The average net worth of people in the top 20 percent was about 946.7 million won in 2017 but soared by 18.8 percent in three years. Meanwhile, the average net worth of people in the bottom 20 percent declined by 9.5 million during the same period.
 
Assets of people in the top 20 percent are largely real estate. Of assets they own — which on average are worth about 1.31 billion won — roughly 77.1 percent, or 1.01 billion won, is in a form of property, while only 19.4 percent is financial assets. 
 
The report also showed wealthier people are likely to own more real estate than poorer people, according to the data.
 
The rate of growth in the prices of Seoul apartments during the three years of the Moon administration is about 4.5 times faster than the rate changed during the nine years under former presidents Lee Myung-bak and Park Geun-hye, according to Citizens’ Coalition for Economic Justice.
 
Based on data by KB Financial Group Research Institute, it takes about 12.9 years for a middle-class household to buy a middle-priced property in Seoul in 2019. But as of September 2020, it takes about 15.6 years.
 
“The 24 sets of real estate measures ended up widening the wealth gap between homeowners and people who do not own properties and causing wealth polarization between [people] in greater Seoul areas and provinces,” United Future Party lawmaker Yoo Gyeong-joon, former head of Statistics Korea, said. “The wealth polarization in Korea was not that serious compared to other Organisation for Economic Cooperation and Development [OECD] countries, but the Moon administration worsened it.”
 
The rally in the stock market was also a driving force.  
 
As the benchmark Kospi broke 3000, people who owned stocks made big paper gains, while those have not invested in the stock market were left stuck in place.
 
Critics are raising concerns over the overheated markets, saying they might cause depression and social deprivation.  
 
More Koreans who don't currently own any real estate are suffering from the so-called real estate blues — feeling depression amid the soaring prices of properties.
 
In November, a 37-year-old man living in a jeonse apartment in Mok-dong, western Seoul, killed his 38-year-old wife after having a quarrel about missing a chance to purchase a property. Then the man threw himself out of the apartment.
 
Many Koreans who have been working hard at their positions — while not investing in the stock market — are suffering from a fear of missing out (FOMO).
 
A 46-year-old who has been working at middle-sized company for nearly 20 years said he had never tried stock investment.

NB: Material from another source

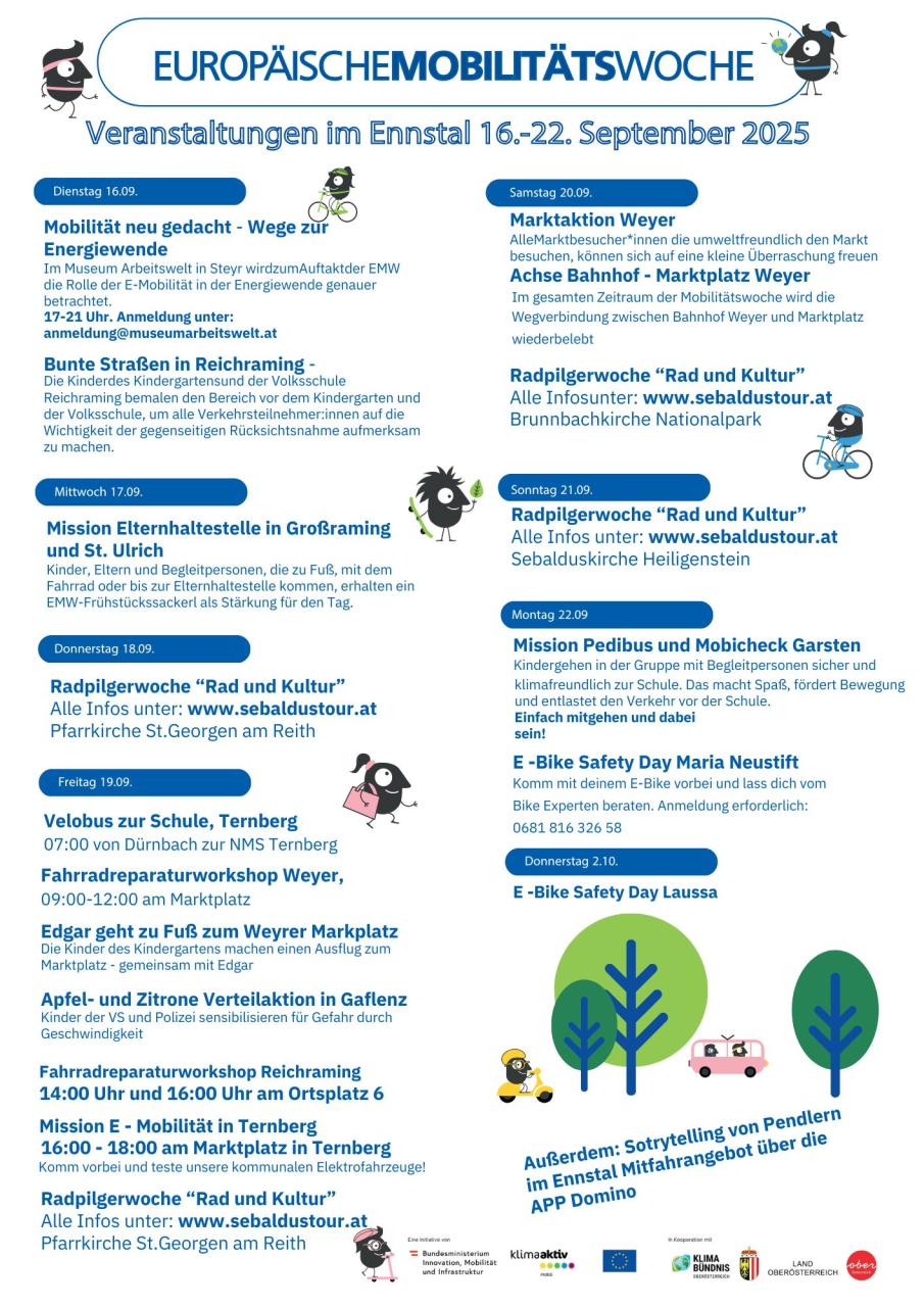 Das Ennstal in der Europäischen Mobilitätswoche“ Von St. Ulrich bis Weyer setzen die Gemeinden im Zeitraum von 16.-23. September Aktionen um, klimafreundliche Mobilität zu unterstützen. Eine Übersicht dazu gibt es im beigelegten Aktionskalender.
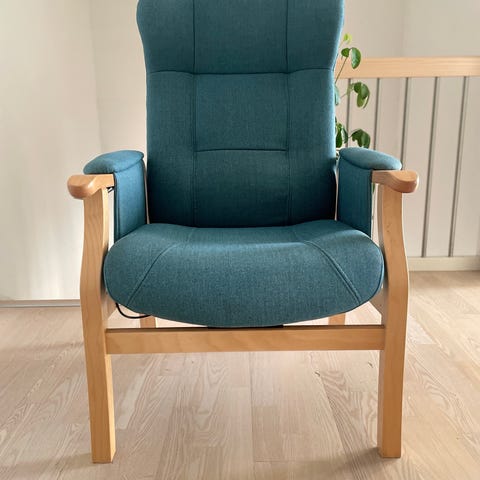 Stolen er udstyret med elektrisk sædeløft. Man får hjælp til både at sætte sig og rejse sig.

He said he was traumatized when his father lost his fortune in the stock market.
 
But these days he’s feeling left out.  
 
“Many of my friends who took out loans and invested all in stocks and bitcoin earned so much money in just a few days, and that is more than my monthly salary,” the man said. “I feel left out as I think I’m the only one who couldn’t earn money through the bullish stock market.”
 
Park Young-bum, an economics professor at Hansung University, agrees with the seriousness of the current situation and warns about the future.
 
“If the current situation continues in which the price of assets increases at much faster rate than people’s salaries, the value of income will be decreased,” Park said. “The polarization and inequality will intensify further, and this will eventually widen the gap between real economy and asset market.”
 
“The government must come up with new policies that can lead the more-than-enough liquidity in the market to an increase in people's salaries instead of the asset prices.”